The captivating centerpiece is the eponymous four-part suite. Raskin's melancholic baritone saxophone meanders over electric bassist Dan Seamans bluesy vamps . The rest of the quintet responds to Raskin's contemplative phrases with long yearning ones. Drummer John Hanes drives his colleagues' wistful and haunting conversation with his propulsive and hypnotic cadence. Raskin, alto saxophonist Phillip Greenlief and guitarist John Shiurba break the silence with dramatic sonic fragments. Here the tune veers towards stimulating dissonance and provocative spontaneity.

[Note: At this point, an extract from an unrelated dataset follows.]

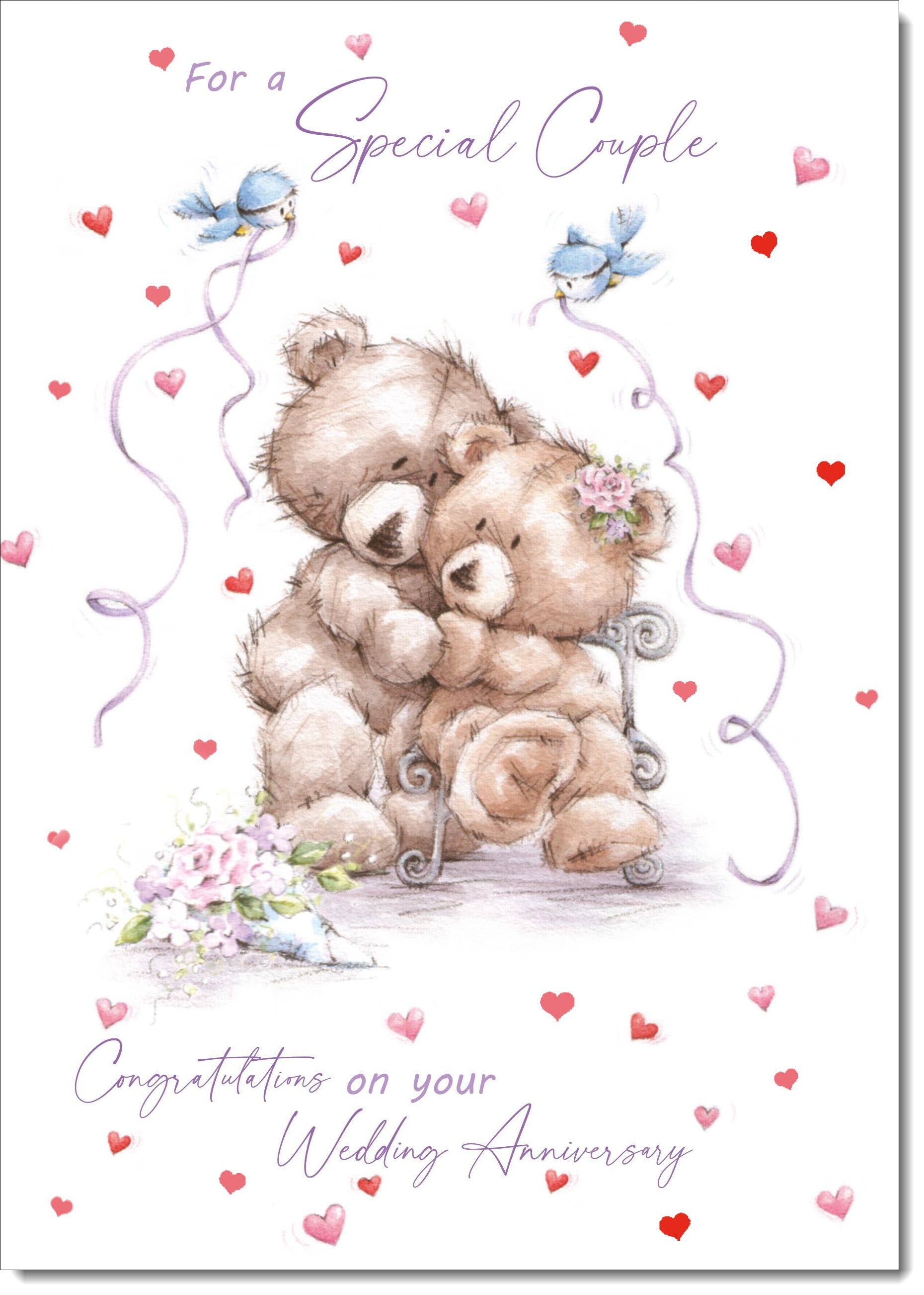 Your Wedding Anniversary Card Cute Teddy Couple with Ribbons

A more "traditional" motif starts off the second segment. Around Raskin's soulful refrains Greenlief and Shiurba play forlorn lines which both echo and delightfully contrast with one another. Hanes and Seamans keep the energetic rhythms going while Shiurba solos with gusto and blistering chords. Screaming baritone saxophone and thundering drum beats usher in the concluding head.
The third section opens with another pensive Raskin soliloquy over Seamans' reverberating strings. As in the first "platter" in structure, the five musicians pepper the music with introspective musings and engage in short yet poignant duets. The core of this movement, once again, transforms into freer explorations before the funky theme of the fourth "platter" starts. This gripping finale features Greenlief's fiery extemporization.

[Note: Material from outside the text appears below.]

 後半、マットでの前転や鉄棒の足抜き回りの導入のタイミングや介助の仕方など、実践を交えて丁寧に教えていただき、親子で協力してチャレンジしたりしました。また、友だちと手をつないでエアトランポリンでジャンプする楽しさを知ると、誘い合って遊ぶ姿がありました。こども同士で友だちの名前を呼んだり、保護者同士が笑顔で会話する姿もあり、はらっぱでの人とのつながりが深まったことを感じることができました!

Mazur's "Frisk Baglaens" meanwhile is a gripping and passionate piece with an exuberant polyrhythmic backdrop. Greenlief, Shiurba and Raskin take turns in the spotlight over Hanes' riotous percussion and Seamans' muscular tones, delivering visceral yet eloquent statements. The wailing saxophones and swaggering guitar strums come full circle to the original composition with lithe agility and suave abandon.
The Long Table is an intriguing showcase of a different aspect of Raskin's versatile creativity. Regardless of the style, Raskin keeps demonstrating a superlative musicianship both as a composer and a performer. It piques curiosity about what other unreleased gems are in his archives.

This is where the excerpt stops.